Performance on the Sincere condition was used to gauge subjects’ ability to perform the basic demands of the task, such as comprehending the actors’ speech, following the flow of the social interaction, remembering the vignette long enough to answer yes-no questions about it, and comprehending the questions themselves. For both conditions, approximately half of the questions were reversed, so a positive or negative response set would indicate nonsensical responding and would result in a failing (chance level) score on both conditions.

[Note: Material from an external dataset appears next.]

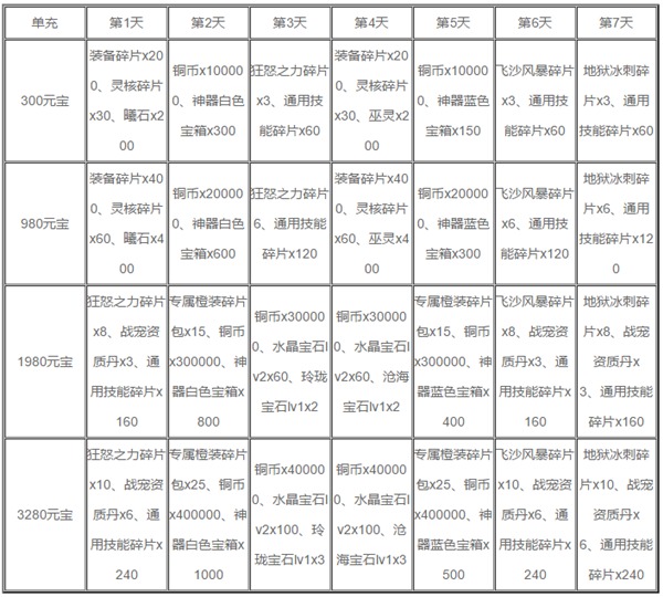 活动说明:开服前7天,每天单笔充值达到对应额度,可领取超值奖励礼包!

Testing was completed within 4 months before or after the MRI scan, and the average span of time between testing and scan was 13 days (SD ± 26 days).
Additionally, at the time of their sarcasm testing, subjects underwent testing of emotion recognition in facial, vocal, and combined modalities. Subjects were tested with 2 subtests of the Comprehensive Affect Testing System (CATS)(Froming et al., 2001), including Emotional Prosody Discrimination (discriminating same or different emotional voice prosody with neutral semantic content), and Name Emotional Prosody (multiple-choice naming emotional voice prosody with the four emotions happy, sad, frightened, and angry). To assess their ability to identify emotions with more ecologically valid, dynamic, multimodal stimuli, subjects performed an abbreviated form of the Emotion Evaluation Subtest of the TASIT. For this test, subjects watch brief (~20 secs) videos of actors performing semantically neutral scripts portraying one of the seven basic emotions (happy, surprised, neutral, sad, anxious, frightened, revolted), and must choose the correct emotion from a card on which the seven options are written. To reduce the effects of fatigue on our elderly, demented subjects, we administered only items 1–14, for a maximum score of 14.
Each subject also underwent 2 hours of cognitive testing, and a measure of neuropsychiatric functioning was administered through an informant interview. Standard neuropsychological measures of language, visuospatial, memory, and executive functioning were used, and are detailed in Table 2. Subjects were also evaluated with the Geriatric Depression Scale (GDS), a 30-item self-report questionnaire (Yesavage et al., 1983). Behavior was measured using the Neuropsychological Inventory (NPI), a caregiver interview designed to assess the frequency and severity of behaviors that commonly occur as a result of a dementia syndrome (Cummings, 1997). Cognitive and neuropsychiatric assessment occurred within 3 months of sarcasm detection testing, and the average time between assessments was 20 days (SD ± 38 days).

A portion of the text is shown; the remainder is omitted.